Formula 1: qual è il tema con i track limits?
Il primo ad introdurre questa metodologia è stato il compianto Charlie Withing. L’allora direttore di gara si chiedeva se era possibile sanzionare i piloti che “tagliano” la pista ottenendo un vantaggio. Il regolamento sportivo parlava chiaro a proposito, il problema era che non era cosi facile stabilire se e come un taglio potesse avvantaggiare. Withing perciò adottò una linea saggia e razionale: punire solo gli episodi più eclatanti, dimostrabili anche dalla telemetria. In questo modo, si sarebbero evitate polemiche e si sarebbe fatta “giustizia”.
Formula 1: come funziona il “gioco” degli Stewards
Tuttavia, negli anni successivi la cosa si è complicata. La FIA ha cominciato ad installare dei sensori sulle zone “verdi” dei tracciati, adottandoli come metro di giudizio. Nelle prove libere e nelle qualifiche, il pilota che pizzicava il sensore si vedeva il tempo cancellato in automatico, senza verificare se aveva ottenuto un vantaggio o meno. Oggi in gara si può allargare la traiettoria due volte, ma alla terza sventola la bandiera bianca e nera. Al quarto taglio scatta la sanzione, che può essere un tempo aggiuntivo oppure uno stop&go. Ma chi decide dove montare i sensori? E perché in un punto invece che in un altro? Sono tutte domande che stanno facendo animare il paddock, sempre più insofferente nei confronti di una situazione che appare fuori controllo.
Il caso Verstappen
Il problema dei track limits è arrivato ad un punto di non ritorno dopo che è scoppiato il “caso Verstappen”. L’olandese di casa Red Bull si è visto annullare una pole position, una vittoria ed un giro più veloce nel corso dei primi GP della stagione. Situazioni che pesano in ottica campionato, e che giustamente hanno fatto infuriare il pilota. “Le velocità che possiamo tenere oggi in curva ci portano ad abusare dei cordoli“, ha detto Super Max. “Le monoposto ce lo consentono e questo rende difficile giudicare caso per caso“. Per questo, Verstappen lancia una soluzione old style. “L’ideale sarebbe mettere la ghiaia oltre i cordoli, ma so che i gestori dei circuiti non sono molto favorevoli a questa soluzione perché al termine di un weekend di Formula 1 avrebbero dei costi non indifferenti per ripristinare le condizioni necessarie ad ospitare altre categorie“.

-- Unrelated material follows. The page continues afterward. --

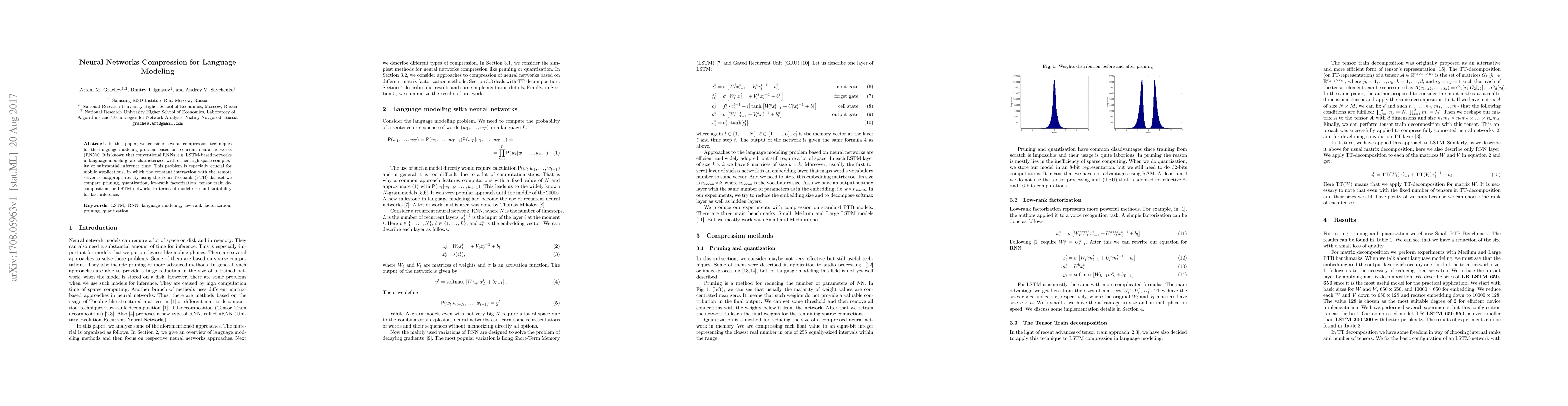In this paper, we consider several compression techniques for the language modeling problem based on recurrent neural networks (RNNs). It is known that conventional RNNs, e.g, LSTM-based networks in language modeling, are characterized with either high space complexity or substantial inference time. This problem is especially crucial for mobile applications, in which the constant interaction with the remote server is inappropriate. By using the Penn Treebank (PTB) dataset we compare pruning, quantization, low-rank factorization, tensor train decomposition for LSTM networks in terms of model size and suitability for fast inference.

“Ma credo che il problema maggiore oggi sia quello legato a una non uniformità delle condizioni perché ci sono certi punti in cui è permesso andare oltre il cordolo ed altri invece che sono controllati con i sensori“, ha detto ancora il numero 33. “Si dovrebbe avere una situazione più chiara e lineare. Da parte mia cerco sempre di ottenere il massimo risultato possibile, e sono andato oltre i track-limits in due occasioni rimettendoci una pole position ed un giro veloce, ed il tutto perché non mi accontento di un secondo o di un terzo posto“. Ha centrato il punto: dire fin da subito dove sono sistemati i sensori e perché aiuterebbe parecchio. Ma perché non lo fanno? Hanno paura di ammettere che certe decisioni sono state arbitrarie?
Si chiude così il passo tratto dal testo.